Brian Schwartz, a partner in risk advisory services at PwC, says if assessing the total corporate culture is too much to bite off at once, try focusing on a company’s risk culture. “It’s the beliefs and attitudes a company sets when deciding to make risk-taking decisions,” he says. “Risk culture sets the stage for the types of risk decisions being made.” Zeroing in on risk culture enables a more focused view on “good” risk-taking compared with “bad” risk-taking, he says.

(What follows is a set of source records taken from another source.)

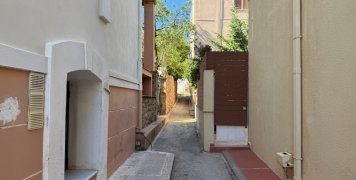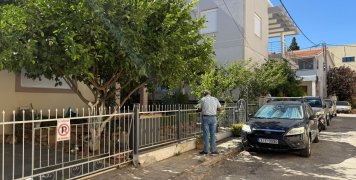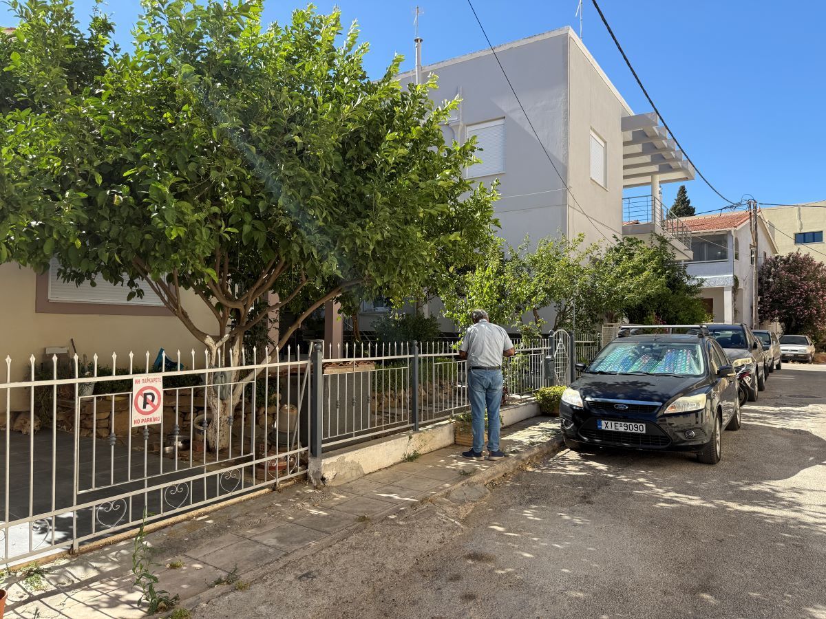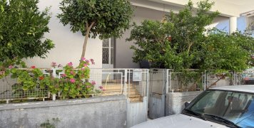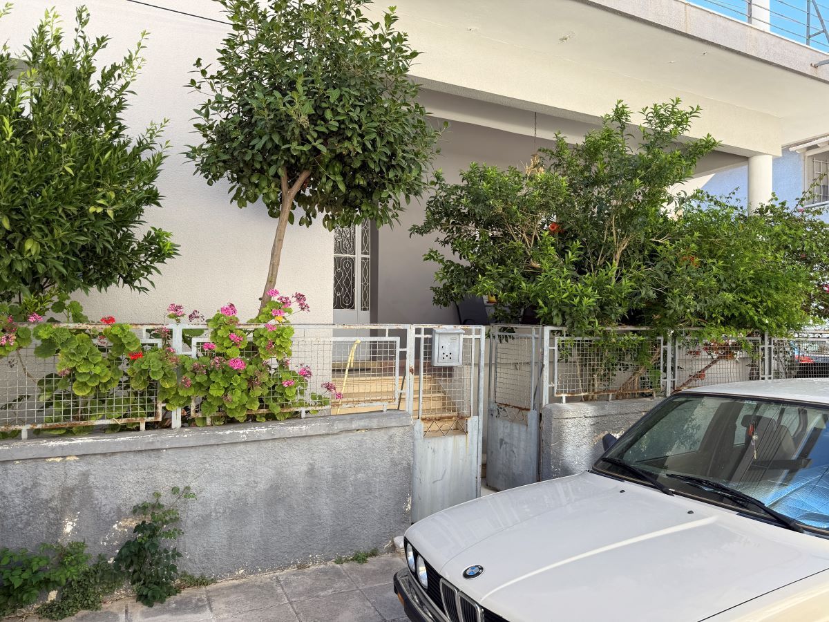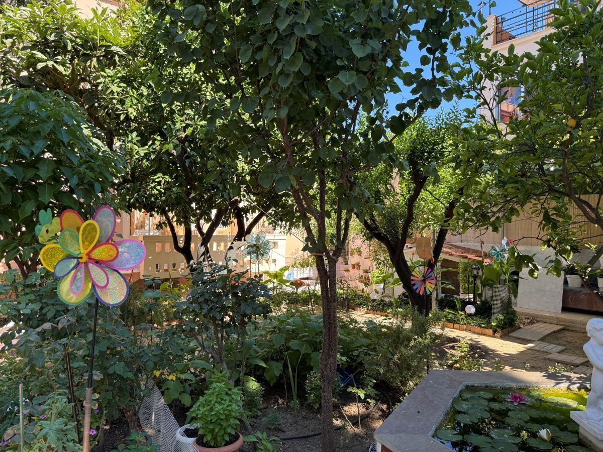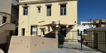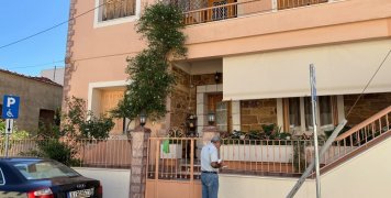 Απέναντι από το τριώροφο αυτό δια διπλοκατοικία κάτω με μια υπέροχη αυλή με γιασεμιά και πάνω με μια τοιχογραφία της «Χίας κόρης» στην είσοδο του 2ου ορόφου.
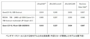 株式会社リコー(社長執行役員:大山 晃)は、中国のアリババクラウドが開発・提供する大規模言語モデル(LLM)ファミリーの「Qwen2.5-VL-32B-Instruct*1」をベースに、日本企業の図表を含むドキュメントの読み取りに対応したマルチモーダル大規模言語モデル(以下「LMM」)を開発しました。
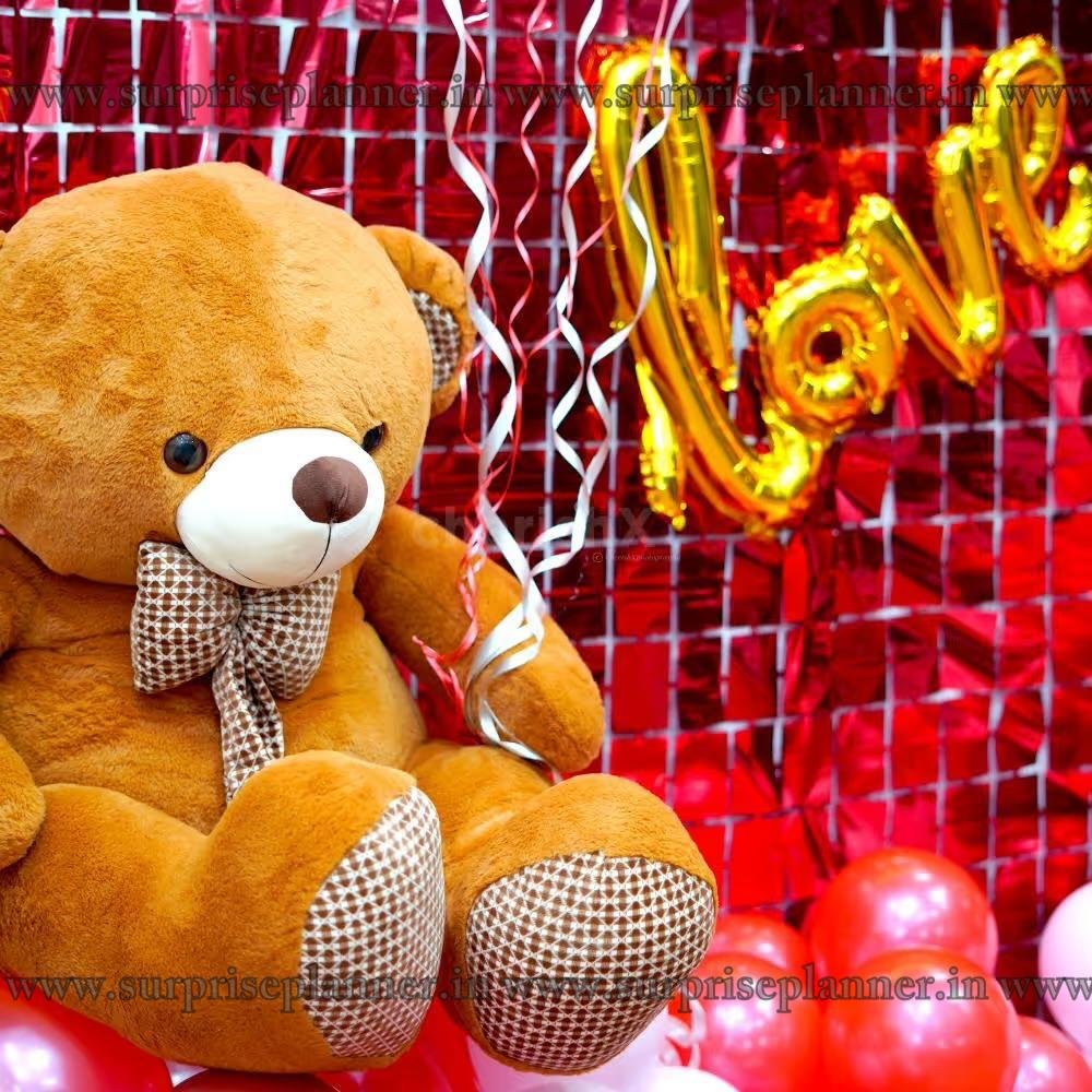 A giant teddy bear adds a cute and heartwarming touch, while the golden “Love” foil balloon makes it a perfect photo booth for couples. This setup creates an intimate and elegant ambiance for any indoor celebration — whether it’s at home, a hotel room, or a private dinner space.
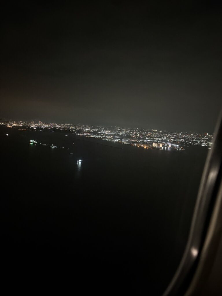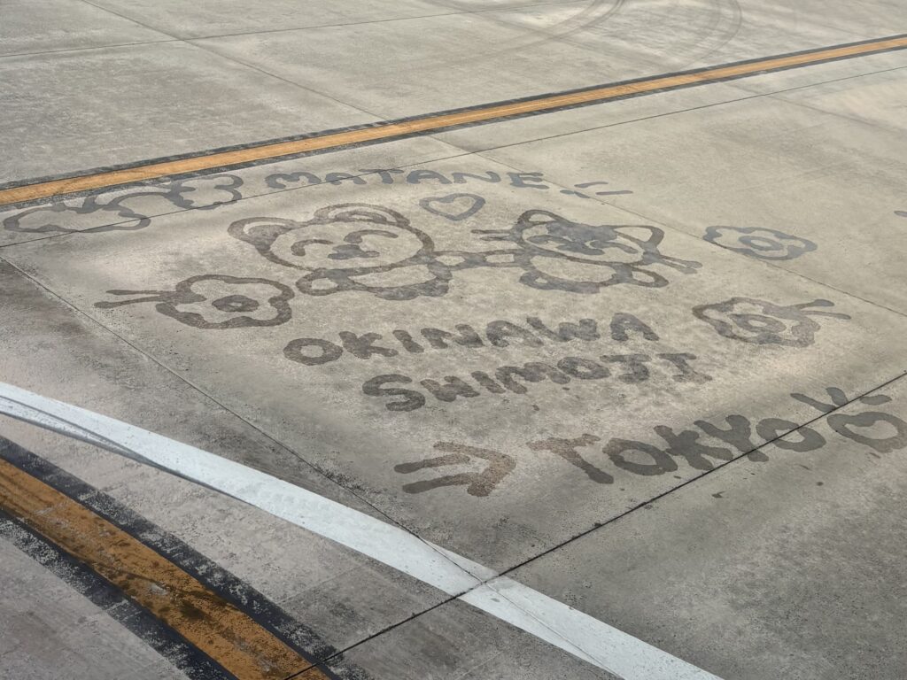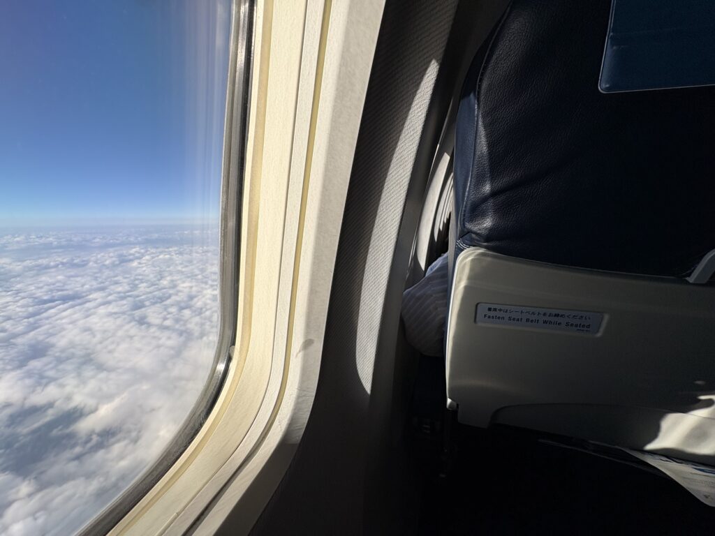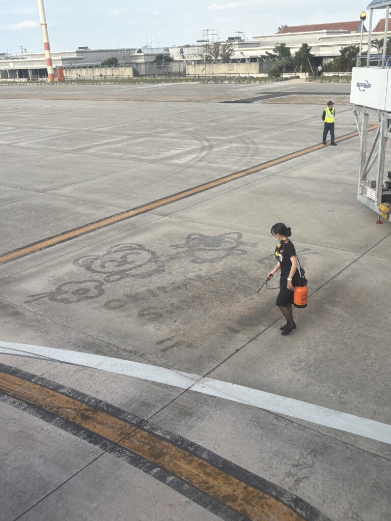 早めに搭乗し外の風景を楽しみます。CAが2度水アートを描いていましたが、どちらもすごく上手でした🤗。今日も10人のスタッフが大きく手を振って見送ってくれました😊。
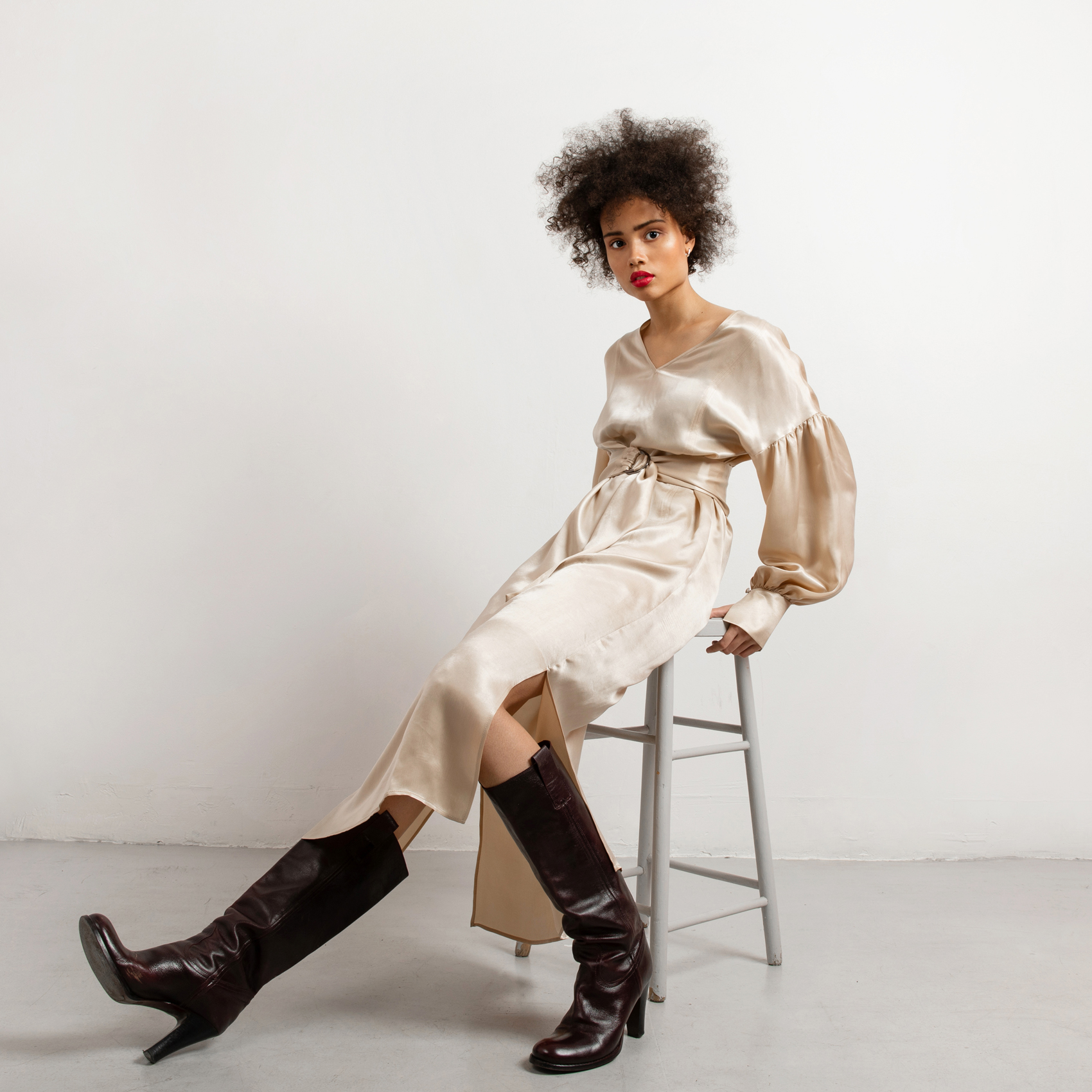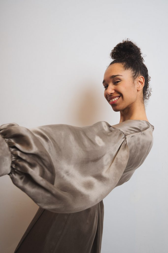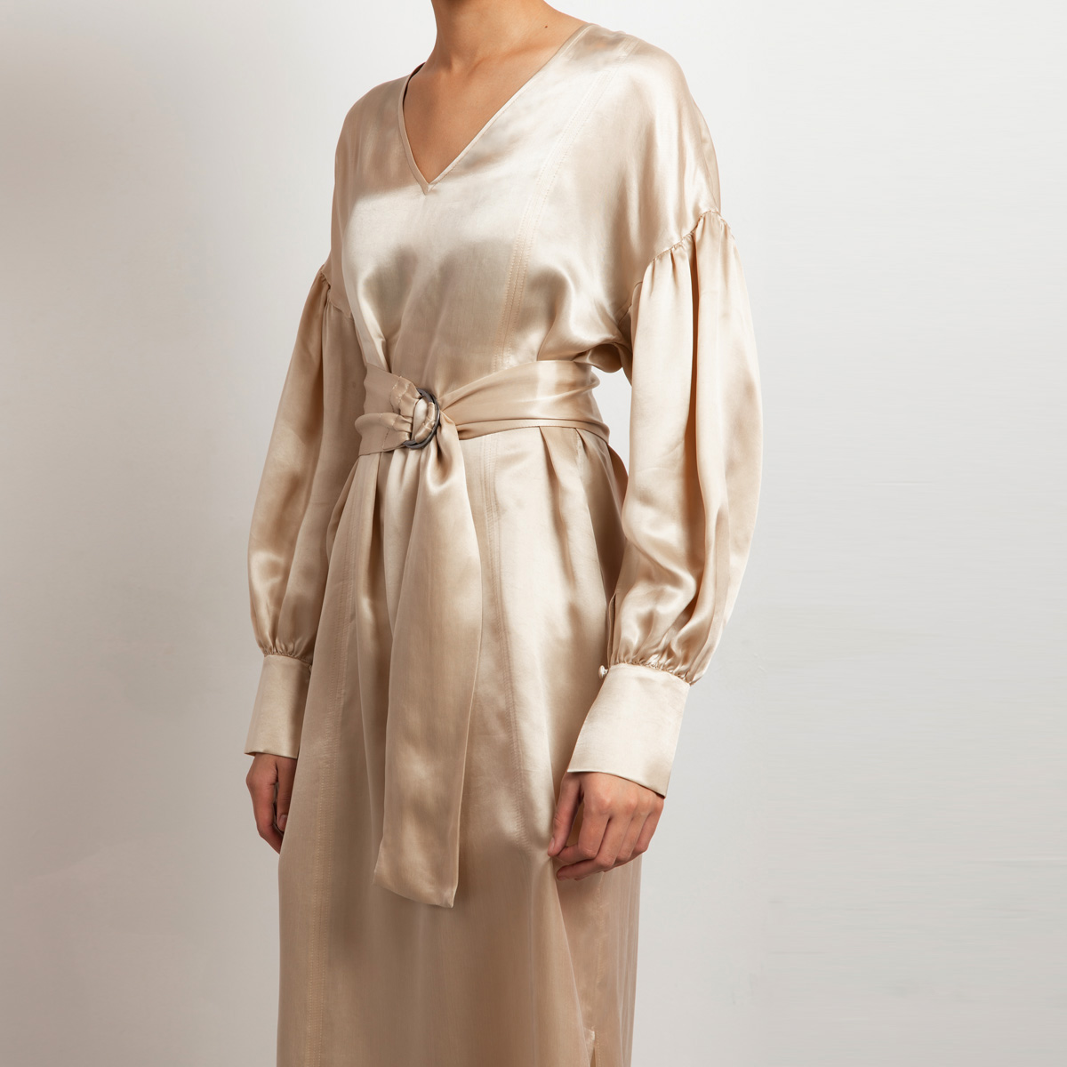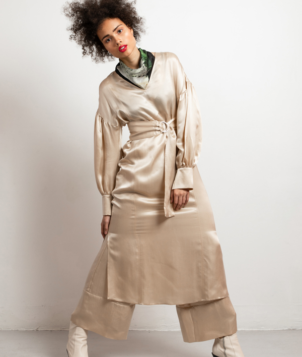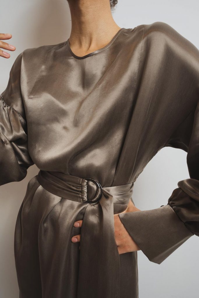 The cupro is made in Italy and the dress is crafted by our skilled seamstresses in our atelier in Lithuania.
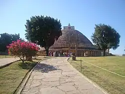 A stupa budista, um monumento em forma de cúpula, foi usada na Índia como um monumento comemorativo associado ao armazenamento de relíquias sagradas. A arquitetura stupa foi adotada no sudeste e leste da Ásia, onde se tornou proeminente como um monumento budista usado para consagrar relíquias sagradas. Os trilhos de proteção - consistindo de postes, barras transversais e uma cobertura - tornaram-se um recurso de segurança em torno de uma estupa. Os templos - construídos em planos elípticos, circulares, quadriláteros ou absidais - foram construídos com tijolo e madeira. Os arcos do portal indiano, o torana , chegaram ao leste da Ásia com a disseminação do budismo. Alguns estudiosos sustentam que o torii deriva dos portões torana no local histórico budista de Sanchi (século III aC - século XI dC). [7]
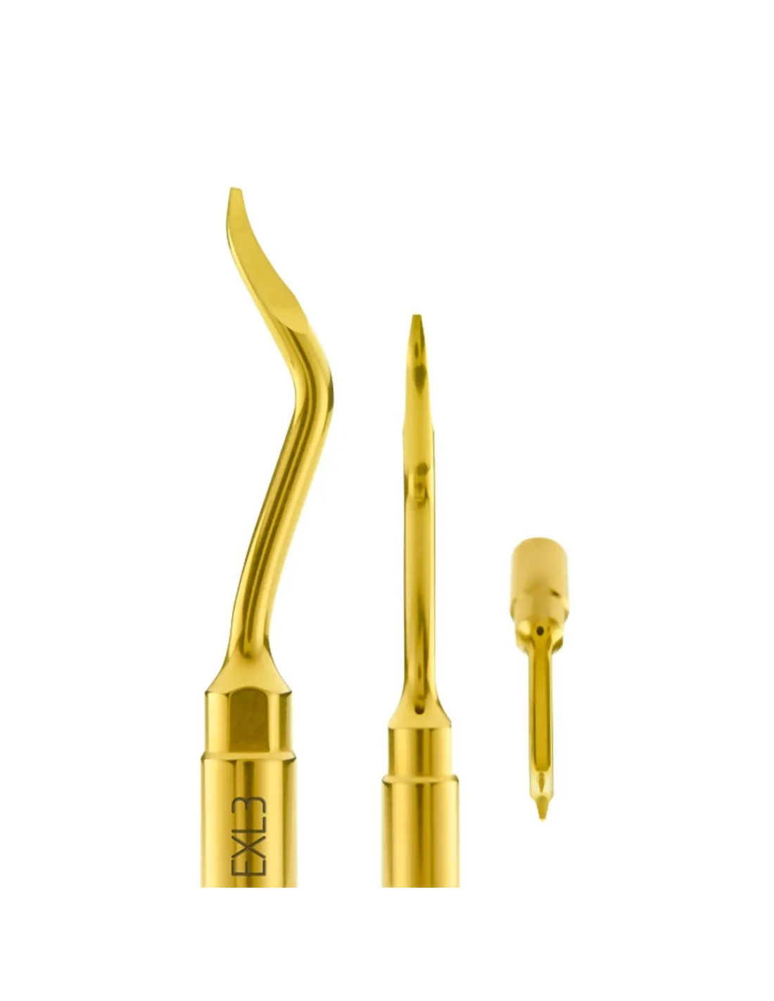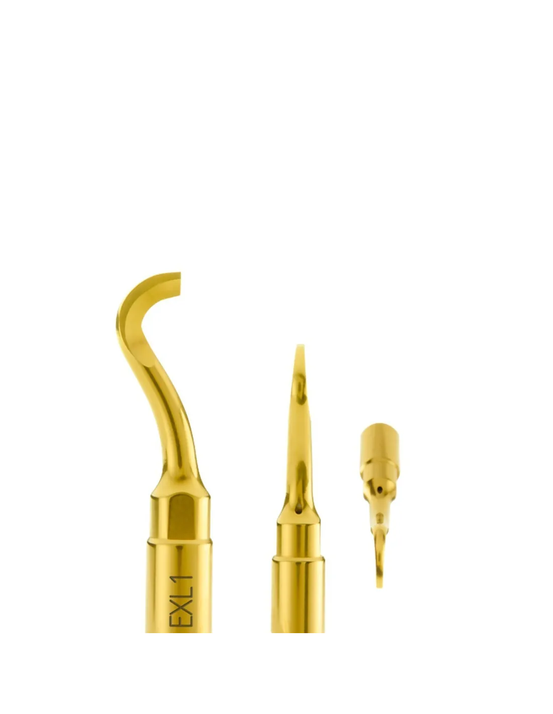 - El elevador EXL1 ejerce de palanca principal para la extracción del tercer molar con técnica piezoeléctrica. Versátil ya que puede efectuar una sola maniobra de dislocación y extracción de raíces al mismo tiempo.
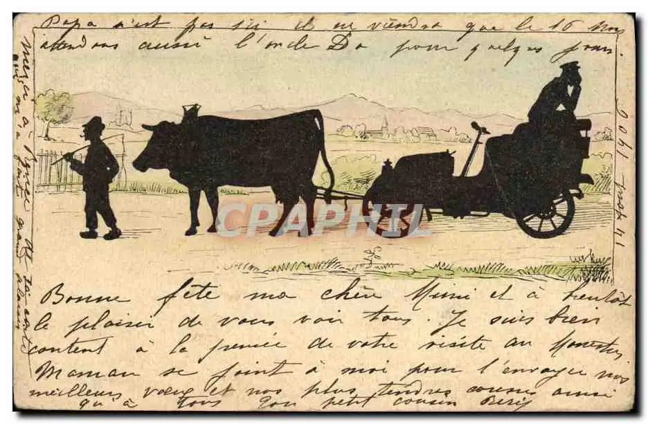 Cartes postales Contre la lumiere Attelage Boeuf Automobile
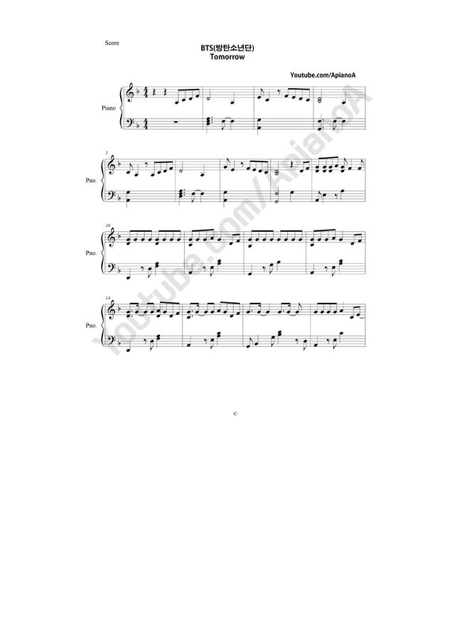ApianoA 악보12 // BTS(방탄소년단) - Tomorrow 입니다.

That starts with assessing the governance of risk within the company, says Schwartz. “Do you have a chief compliance officer or a risk officer looking at the company’s risk appetite framework?” he asks. “Is management making decisions that align with the risk appetite within the company?”
Other indicators to watch, says Schwartz, include performance management and accountability. Is compensation awarded for good risk-taking or bad risk-taking? Is the first line of the business held accountable for owning the risks they cause to generate revenue? Are risk management functions adequately challenging that risk-taking behavior on the front line?
Banking regulators in particular are getting more vocal in their demands that boards get more proactive in assessing culture, says Schwartz, and that’s starting to trickle out to the rest of capital market players. “Right now, everyone’s talking about it to some extent,” he says.